Paralaubuca typus
- Conservation status: Least Concern (IUCN 3.1)

Scientific classification
- Kingdom: Animalia
- Phylum: Chordata
- Class: Actinopterygii
- Order: Cypriniformes
- Family: Xenocyprididae
- Genus: Paralaubuca
- Species: P. typus
- Binomial name: Paralaubuca typus (Bleeker, 1864)
- Synonyms: Chela paralaubuca Günther, 1868 ; Pseudolaubuca lateralis Sauvage, 1876 ; Chela stigmabrachium Fowler, 1934 ; Paralaubuca stigmabrachium (Fowler, 1934) ;

= Paralaubuca typus =

- Authority: (Bleeker, 1864)
- Conservation status: LC

Species of fish

Paralaubuca typus is a species of freshwater ray-finned fish belonging to the family Xenocyprididae, the East Asian minnows or sharpbellies. This fish occurs in south-east Asia. It is found in Thailand in the basins of the Chao Phraya, Tapi, Mekong and Mae Klong and in the Mekong on Laos and Cambodia, as well as Vietnam where it is also found in the La Ngà River. It is one of the most abundant fish species in the lower Mekong.

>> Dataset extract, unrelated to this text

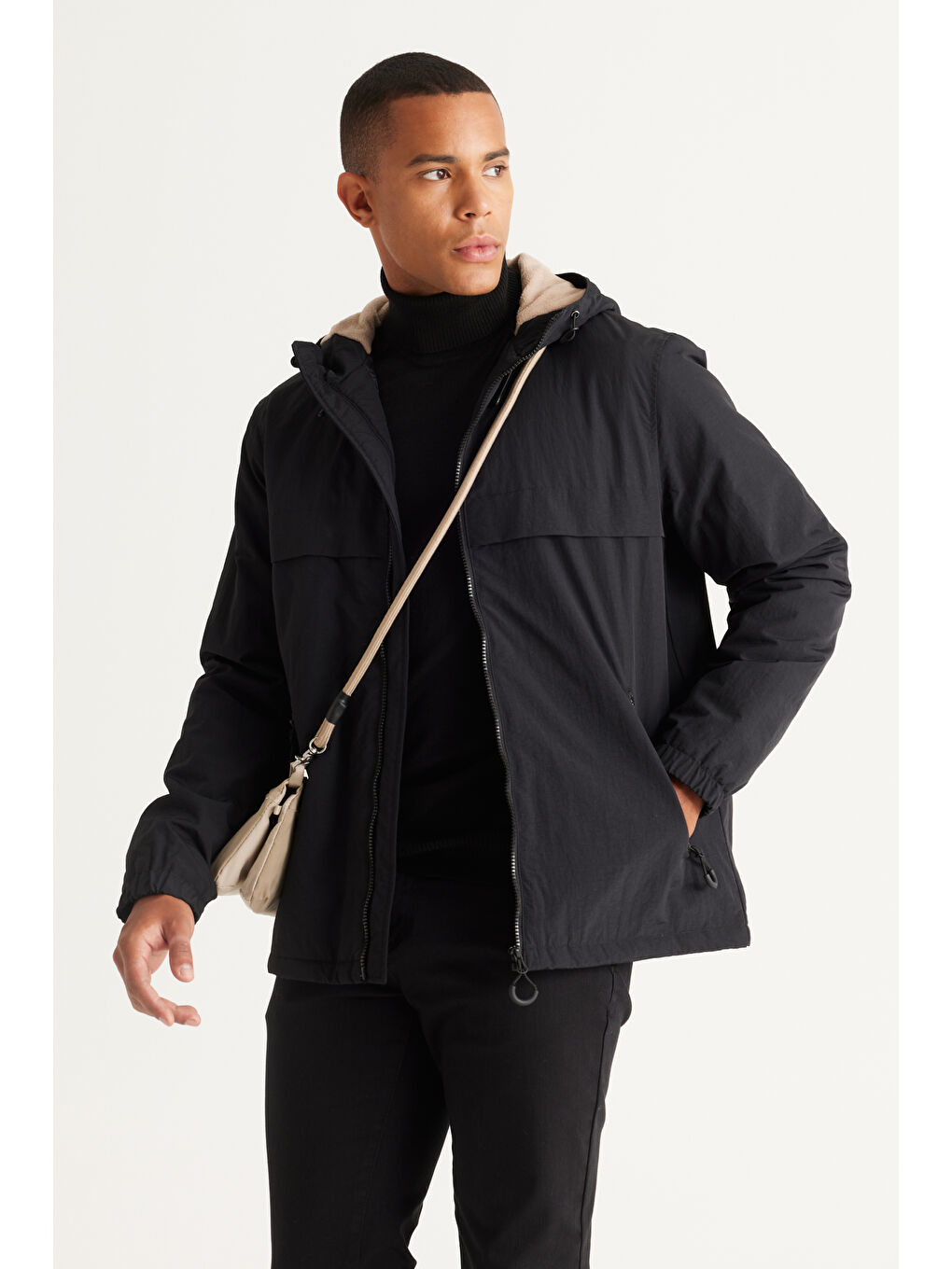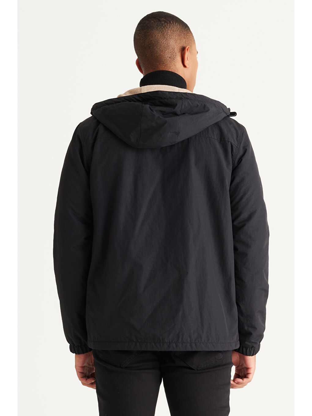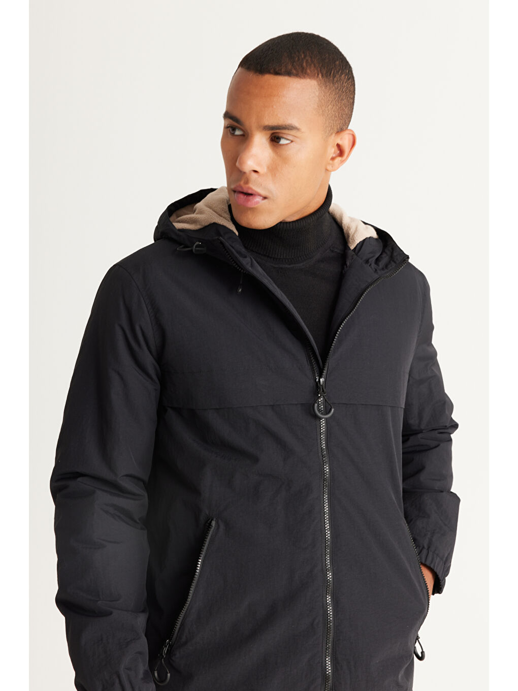 پالتو مردانه کلاهدار مشکی استاندارد سایز معمولی با جیبهای کناری

Paralaubuca typus inhabits shallow areas of large rivers, where it typically schools and is frequently harvested in significant quantities. During periods of high water levels, it moves into flooded forests, returning to the rivers as water levels recede. Spawning occurs during the onset of seasonal floods, usually between May and July. The eggs and larvae are carried downstream by the current and into inundated areas, where they develop further. It is a long distance migrant, moving out of Tonle Sap upstream in the Mekong between November–February. It feeds on zooplankton and occasionally on insects.

It is a target species for both commercial and subsistence fisheries. It is sometimes sold as fresh fish but it is more often dried or used to make a fermented fish sauce. Deforestation, water pollution, dams and water abstraction are threats to this species.